> Data excerpts:
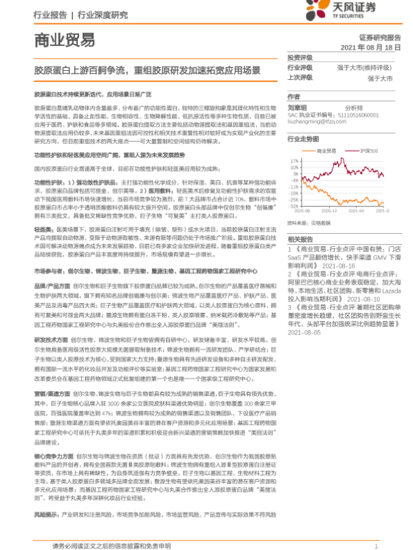 【天风证券】【20210818】商业贸易行业深度研究:胶原蛋白上游百舸争流,重组胶原研发加速拓宽应用场景-34页 行业研究
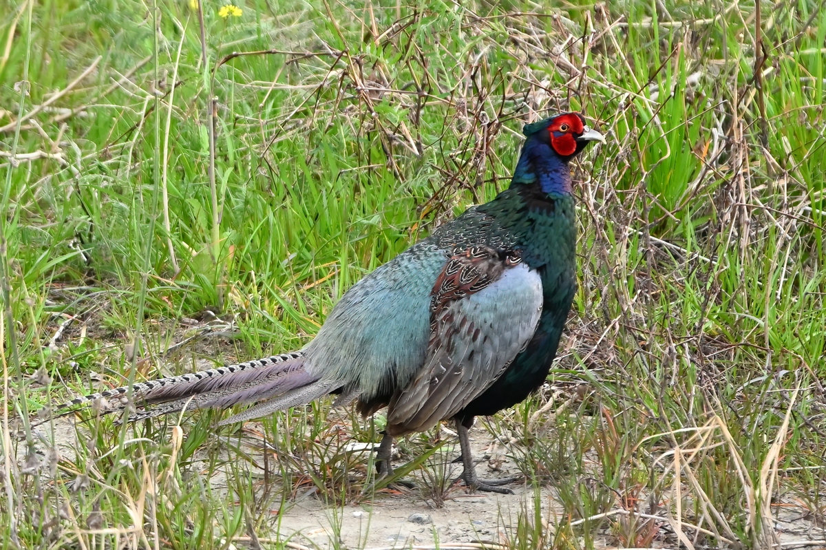 | 夕方、曇り空の員弁川にて。 <撮影> カンムリカイツブリ・ホオジロ・モズ・カルガモ・カワウ・キジ・コチドリ(?) <観察のみ> カワセミ・カイツブリ・ムクドリ 連日、キジ(オス)が姿を見せて雄たけび・今日は全身カットが撮れました。 カワセミは三度登場するも、撮影できるところに留まらず。繁殖期のせいか 活動パターンが変化。まだ見られているのが幸運かも。 |
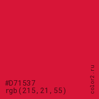 Цвет #D71537 в цветовой модели RGB обозначается тремя октетами (215, 21, 55) в десятичном формате и #D71537 в шестнадцатиричном (hex) формате, которые являются интенсивностью красного 215 (hex D7), интенсивность зелёного 21 (hex 15) и интенсивность синего 55 (hex 37).
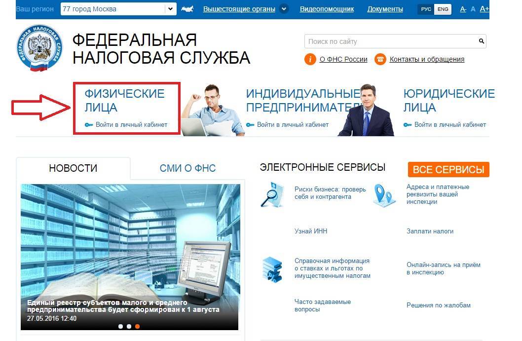 - с помощью услуги от ФНС России на официальном сайте – Личного кабинета для физлиц;
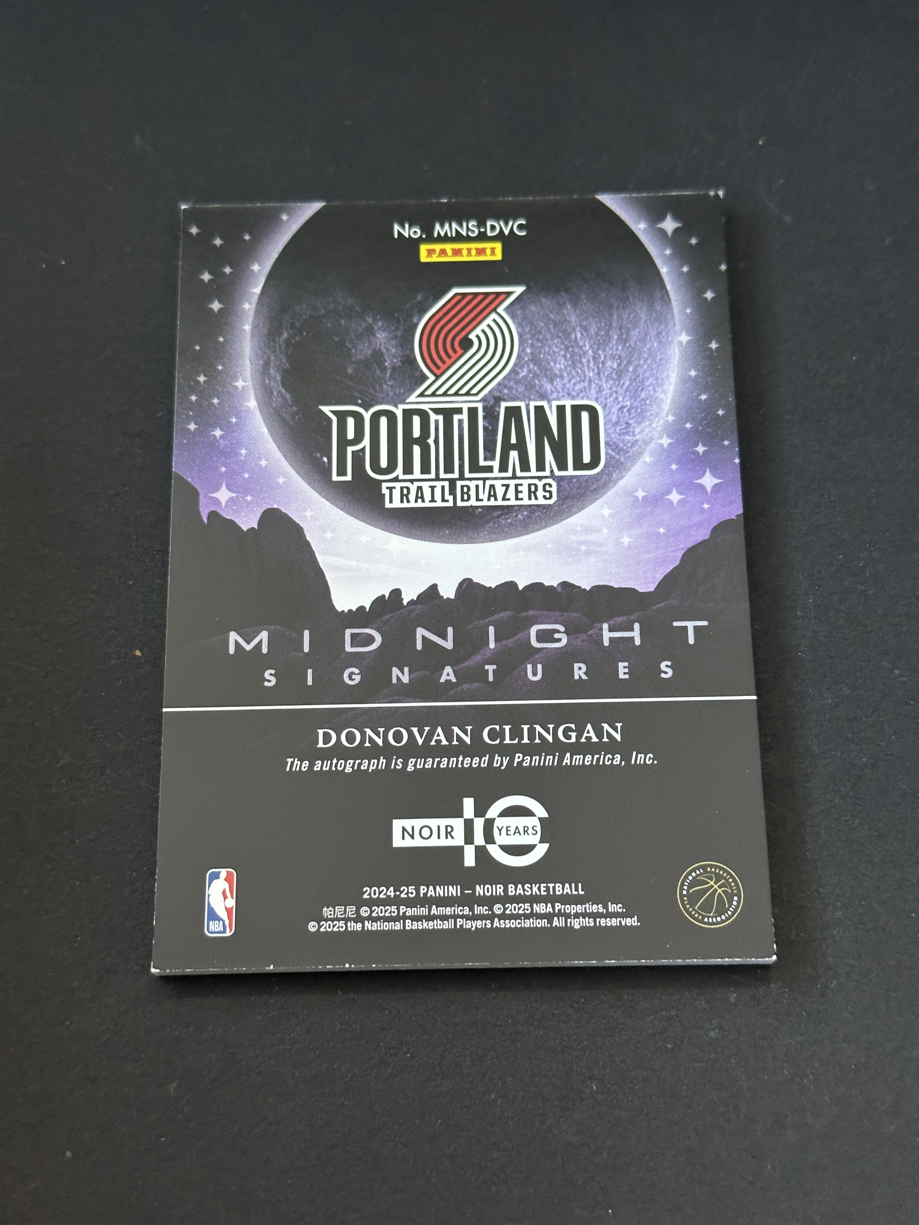 2024-25 Panini Noir Donovan Clingan RC 开拓者 小杨队友 诺尔系列 多诺万 克林根 新秀 49编 签字 镜面 卡签 午夜签 潜力新秀 卡品细节如图
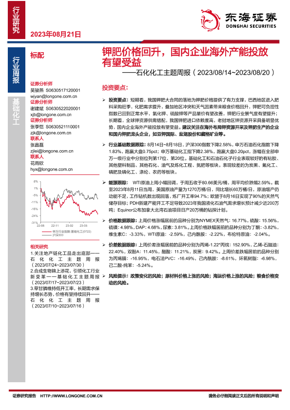 【东海证券】【20230821】20230821-东海证券-石化化工主题周报:钾肥价格回升,国内企业海外产能投放有望受益-24页
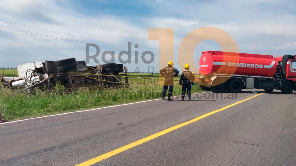 Ruta 65 en inmediaciones a la bajada a Villa Sanz: volcó un camión y trasladaron al chofer con criterio preventivo
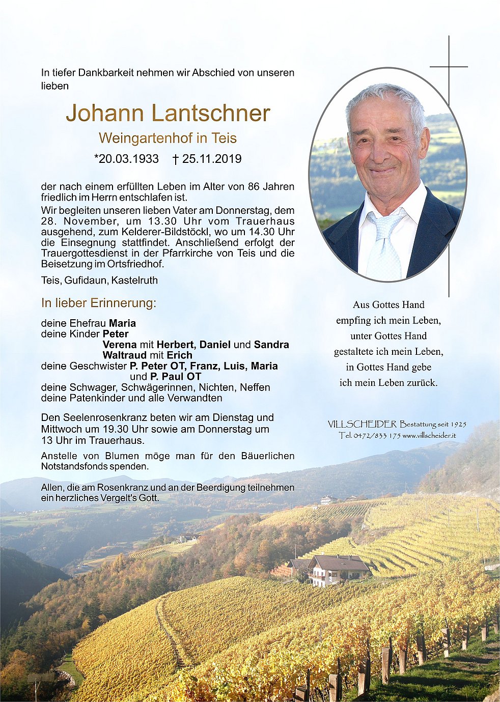 Begräbnisgottesdienst: 28.11. - 14:30 Uhr Teis
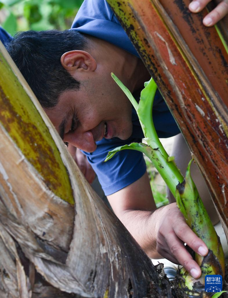 7月29日,瓦西姆·拉扎在海南三亚崖州湾科技城香蕉试验田内查看香蕉。
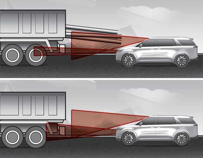 OKA4050023NIf the vehicle in front of you has cargo that extends rearward from the cab, or when the vehicle in front of you has higher ground clearance, additional special attention is required. Forward Collision-Avoidance Assist may not be able to detect the cargo extending from the vehicle. In these instances, you must maintain a safe braking distance from the rearmost object, and if necessary, steer your vehicle and depress the brake pedal to reduce your driving speed in order to maintain distance.
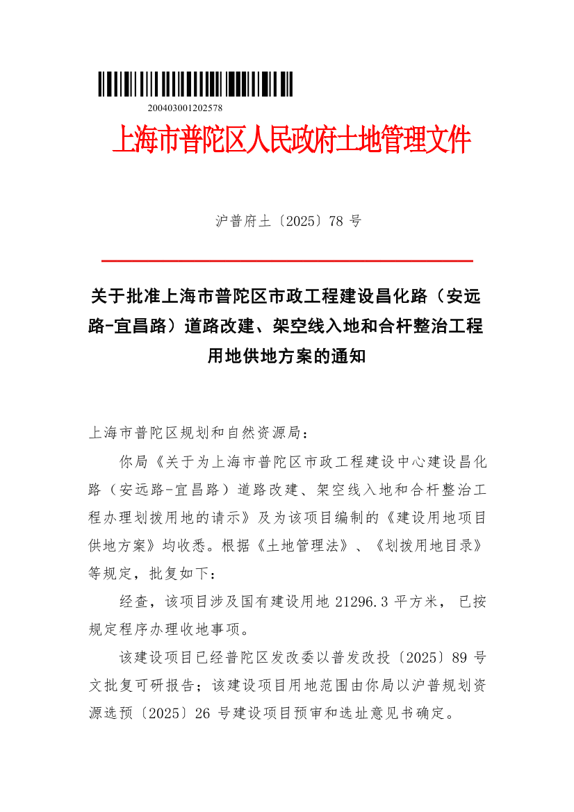 关于批准上海市普陀区市政工程建设昌化路(安远路-宜昌路)道路改建、架空线入地和合杆整治工程用地供地方案的通知
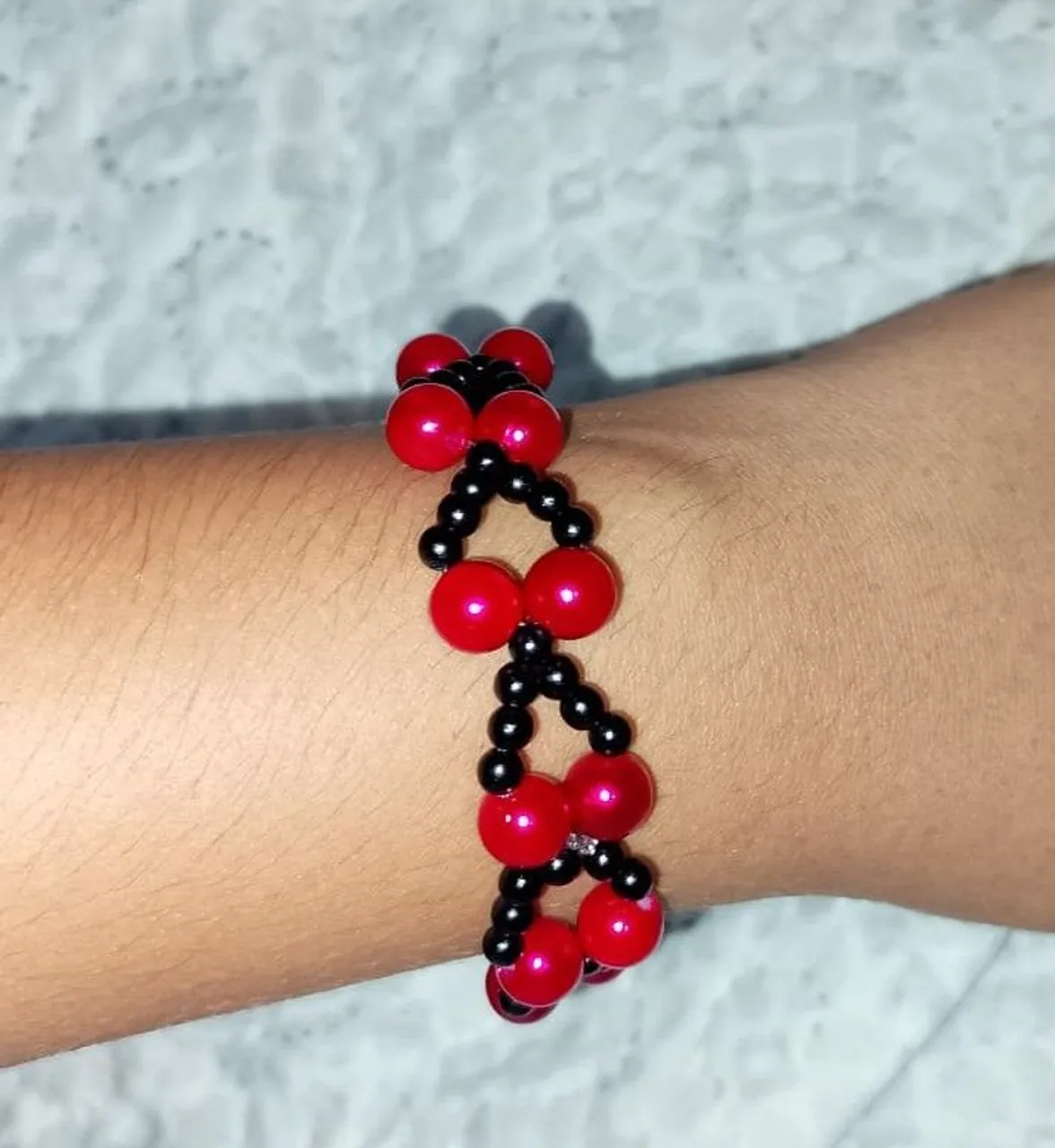 Linda pulseira artesanal com miçangas vermelhas e pretas, perfeita para complementar seu visual com estilo e personalidade.
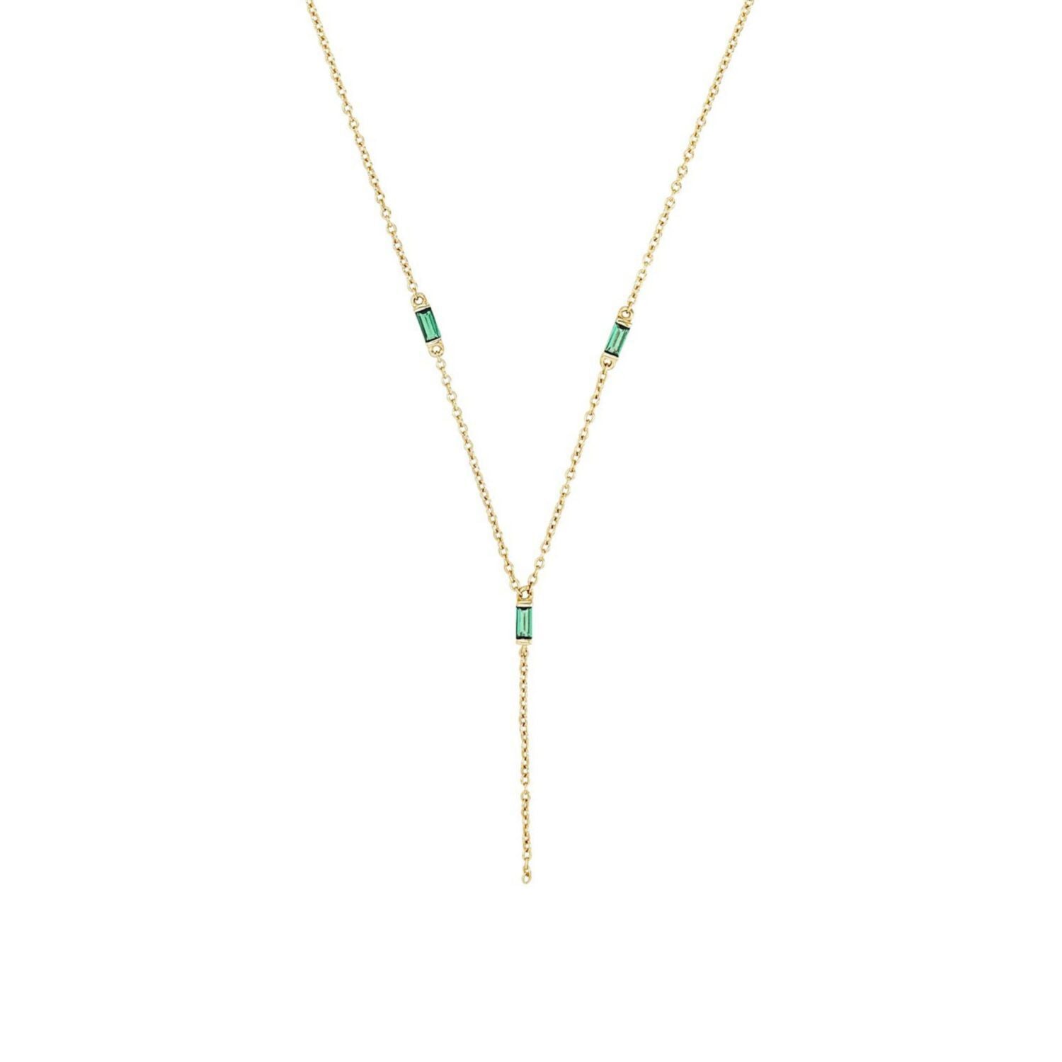 Halskette für Damen von Amor. Diese trendy Damen-Halskette von der bekannten Echtschmuck-Marke Amor überzeugt im angesagten Y-Design. Die Halskette Damen Gold ist längenverstellbar (42+3 cm) und passt sich somit bequem deinem Outfit und Anlass an. Das besondere Highlight der Echtschmuck-Halskette Gold Damen sind die 3 strahlenden Zirkonia Steine in sattem Smaragdgrün. Die Schmucksteine am Halsschmuck kommen im angesagten Baguette-Schliff. Die Damenhalskette im coolen Y-Design eignet sich für das Tragen im Alltag, kann aber auch gerne zu der Abendgarderobe oder dem Office-Look kombiniert werden. Entdecke außerdem ergänzen zu der Halskette für Frauen aus 925 Sterling Silber die passenden Ohrstecker und Armband und komplettiere so deinen Look. Die Halskette Damen kommt in einer passenden Schmuckbox und eignet sich somit auch perfekt als Geschenk zum Geburtstag, Jahrestag oder Weihnachten.
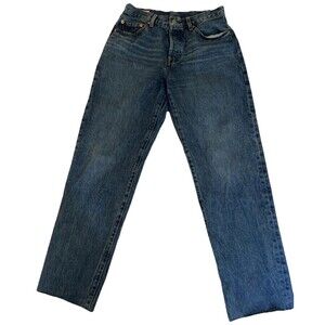 The product is a pair of Levi's Premium 501 '81 Jeans in size 28x28, straight leg fit with a button fly closure. These denim jeans feature a raw hem, 5-pocket design, and are made from comfortable cotton fabric. With a medium wash and solid color, these iconic Levi's jeans are perfect for wearing in the summer, fall, and spring seasons. The classic design and high rise make them a versatile staple for any wardrobe, ideal for those looking for a timeless piece with a touch of 90s nostalgia.
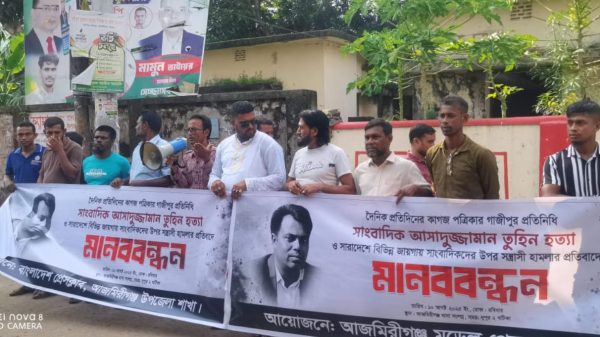 আজমিরীগঞ্জে সাংবাদিক তুহিন হত্যার প্রতিবাদে মানববন্ধন
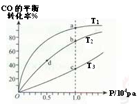 试题分析:A、正方应为放热反应,温度越低,CO的转化率越大。根据图像可知T1<T2<T3,A错误;B、根据图像可知图可知,a、c两点压强相同,平衡时a点CO转化率更高。正方应为放热反应,温度越高转化率越小,则温度T1<T3。降低温度平衡向正反应方向移动,因此K(a)>K(c);平衡常数只与温度有关,b、d两点温度相同,平衡常数相同,即K(b)=K(d),B正确;C、根据图像可知图可知,a、c两点压强相同,平衡时a点CO转化率更高。正方应为放热反应,温度越低,CO的转化率越大,故温度T1<T3。温度越高,反应速率越快,则υ(a)<υ(c);b、d两点温度相同,压强越大,反应速率越大,b点大于d点压强,则v(b)>v(d),C错误;D、正方应体积减小,CO转化率的越大,则混合气体的物质的量越小。根据M=m÷n可知,a点气体的物质的量最小,则M(a)>M(c),M(b)>M(d),D错误,答案选B。

> Assignment: Repeat, with no pictures, every line from the top of the entries above through the line that has "Цвет #D71537 в", keeping each one exact.

> Exercise response:
 【天风证券】【20210818】商业贸易行业深度研究:胶原蛋白上游百舸争流,重组胶原研发加速拓宽应用场景-34页 行业研究
 | 夕方、曇り空の員弁川にて。 <撮影> カンムリカイツブリ・ホオジロ・モズ・カルガモ・カワウ・キジ・コチドリ(?) <観察のみ> カワセミ・カイツブリ・ムクドリ 連日、キジ(オス)が姿を見せて雄たけび・今日は全身カットが撮れました。 カワセミは三度登場するも、撮影できるところに留まらず。繁殖期のせいか 活動パターンが変化。まだ見られているのが幸運かも。 |
 Цвет #D71537 в цветовой модели RGB обозначается тремя октетами (215, 21, 55) в десятичном формате и #D71537 в шестнадцатиричном (hex) формате, которые являются интенсивностью красного 215 (hex D7), интенсивность зелёного 21 (hex 15) и интенсивность синего 55 (hex 37).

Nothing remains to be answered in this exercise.